Lei Xiong
Postdoctoral Scholar
Genetics
Stanford University
My research interests are centered on the development and application of innovative deep learning approaches to solve complex biological questions, with a primary focus on advancing our understanding of gene regulation and cellular diversity. To achieve this goal, I build models that can effectively capture and interpret complex features from biological datasets, which provides new insights into fundamental biological processes. Specifically, I will Decipher Mechanisms of Macrophage Dynamics and Cellular Crosstalk in Cancer. Through my work, I aim to drive significant advances in the field of single-cell multiomics and regulatory DNA sequence, which has the potential to contribute to a better understanding of human health and disease.
Feel free to reach out by email jsxlei at gmail.com or other social media listed above!
Education
Tsinghua University
Ph.D. in Computational Biology
Advisor: Prof.Qiangfeng Cliff Zhang
Thesis: Artificial intelligence method for single-cell ATAC-seq data via feature extraction
University of Science and Technology of China (USTC)
B.S. in Biology, Shitsan Pai Talent Program in Life Sciences
Advisor: Prof.Nieng Yan
Thesis: Structure basis and transport mechanism of membrane protein GLUT3
News
Our work Deep learning prediction of ribosome profiling with Translatomer reveals translational regulation and interprets disease variants was published on Nature Machine Intelligence.
Our work A versatile informative diffusion model for single-cell ATAC-seq data generation and analysis was accepted by NeurIPS 2024
Awarded School of Medicine Dean’s Postdoctoral Fellowship, Stanford.

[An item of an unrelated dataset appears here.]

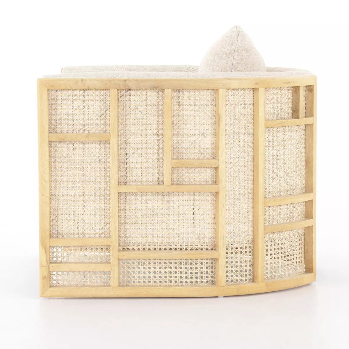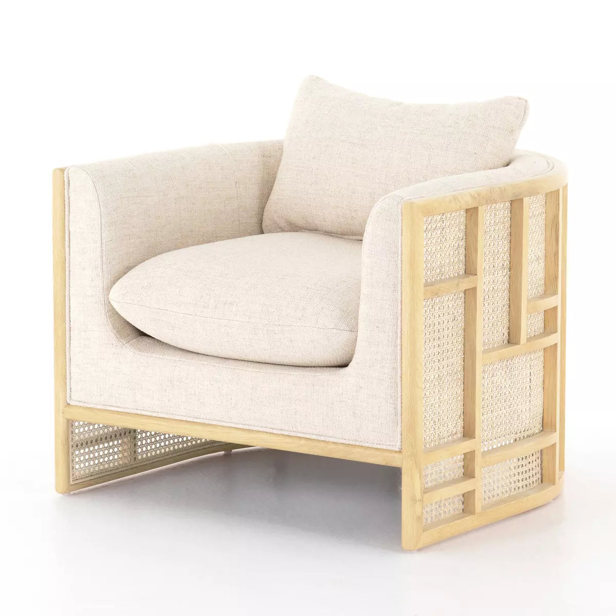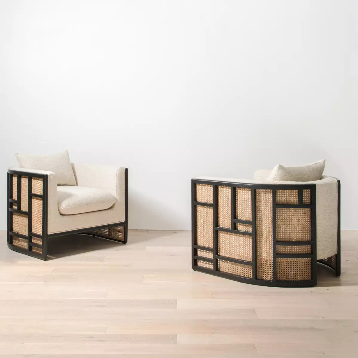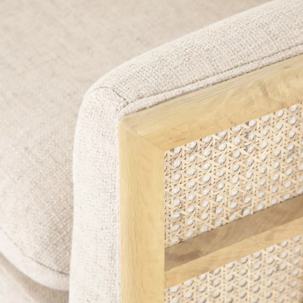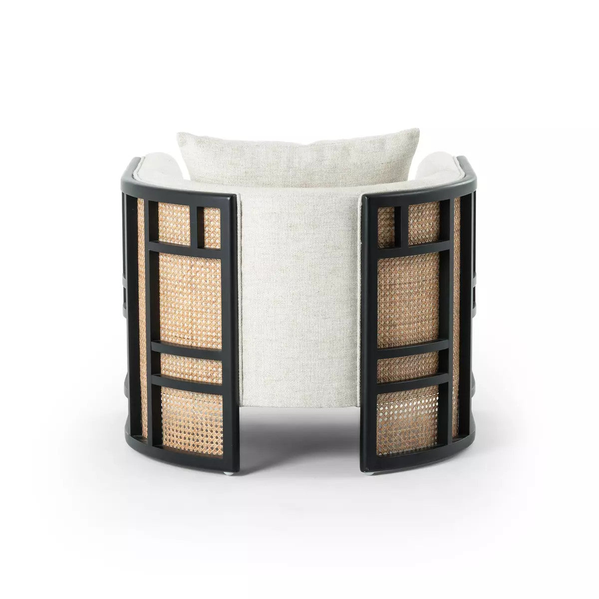 Textural and curve driven. Inspired by Japanese Tatamis, a cleverly constructed outer frame consists of rattan and natural cane paneling. For a clean, monochromatic look sits cream linen-blend performance seating exclusive to Four Hands, with one knife-edge pillow for extra comfort.

Join Prof.Anshul Kundaje lab in Genetics at Stanford, also co-supervised by Prof.Mike Bassik.
Our workshop paper scCLIP: Multi-modal Single-cell Contrastive Learning Integration Pre-training was presented on NeurIPS 2023 AI4Science workshop
Our work Online single-cell data integration through projecting heterogeneous datasets into a common cell-embedding space was published on Nature Communications.
Join Prof.Manolis Kellis lab in CSAIL at MIT and Broad Institute of MIT and Harvard.

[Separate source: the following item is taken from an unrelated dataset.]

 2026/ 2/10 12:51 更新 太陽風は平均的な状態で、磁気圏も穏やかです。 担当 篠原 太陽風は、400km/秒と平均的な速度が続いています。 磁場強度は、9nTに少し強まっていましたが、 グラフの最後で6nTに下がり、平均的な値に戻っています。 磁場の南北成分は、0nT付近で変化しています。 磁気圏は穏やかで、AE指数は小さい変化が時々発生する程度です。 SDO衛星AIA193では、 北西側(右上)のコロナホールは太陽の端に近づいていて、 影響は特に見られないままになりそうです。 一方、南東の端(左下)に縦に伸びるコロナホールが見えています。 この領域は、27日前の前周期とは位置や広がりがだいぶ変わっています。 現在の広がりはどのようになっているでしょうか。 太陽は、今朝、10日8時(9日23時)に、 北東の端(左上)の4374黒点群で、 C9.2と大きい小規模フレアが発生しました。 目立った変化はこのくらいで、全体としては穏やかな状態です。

Awarded Outstanding Doctoral Dissertation Award of Tsinghua University.
Awarded Outstanding Graduate of Beijing.
PhD. thesis Defense.
Our work SCALE was awarded Top 10 Algorithms and Tools for Bioinformatics in China in 2019.
Our work SCALE was awarded Top 10 Advances in Bioinformatics in China in 2019
Our work SCALE method for single-cell ATAC-seq analysis via latent feature extraction was published on Nature Communications.
Publications
2024
Deep learning prediction of ribosome profiling with Translatomer reveals translational regulation and interprets disease variants.

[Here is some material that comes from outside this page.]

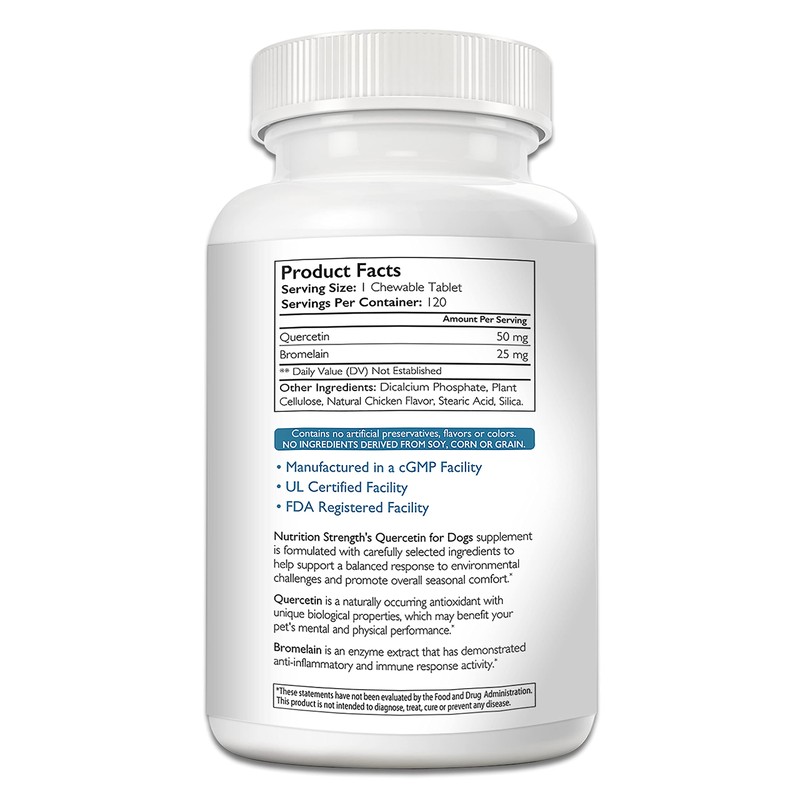 - Made in the USA: Nutrition Strength's quercetin for dogs with bromelain to support balanced immune system, promote inflammatory relief & antioxidant activity, quercetin for dog allergies is human grade; our premium quercetin and bromelain for dogs tablets meet the strictest animal supplement manufacturing guidelines, to guarantee your pet's safety, and are made with carefully selected, high quality ingredients for optimal results

Nat. Mach. Intell. 2024.Gene expression involves transcription and translation. Despite large datasets and increasingly powerful methods devoted to calculating genetic variants’ effects on transcription, discrepancy between messenger RNA and protein levels hinders the systematic interpretation of the regulatory effects of disease-associated variants. Accurate models of the sequence determinants of translation are needed to close this gap and to interpret disease-associated variants that act on translation. Here we present Translatomer, a multimodal transformer framework that predicts cell-type-specific translation from messenger RNA expression and gene sequence. We train the Translatomer on 33 tissues and cell lines, and show that the inclusion of sequence improves the prediction of ribosome profiling signal, indicating that the Translatomer captures sequence-dependent translational regulatory information. The Translatomer achieves accuracies of 0.72 to 0.80 for the de novo prediction of cell-type-specific ribosome profiling. We develop an in silico mutagenesis tool to estimate mutational effects on translation and demonstrate that variants associated with translation regulation are evolutionarily constrained, both in the human population and across species. In particular, we identify cell-type-specific translational regulatory mechanisms independent of the expression quantitative trait loci for 3,041 non-coding and synonymous variants associated with complex diseases, including Alzheimer’s disease, schizophrenia and congenital heart disease. The Translatomer accurately models the genetic underpinnings of translation, bridging the gap between messenger RNA and protein levels as well as providing valuable mechanistic insights for uninterpreted disease variants.A versatile informative diffusion model for single-cell ATAC-seq data generation and analysis.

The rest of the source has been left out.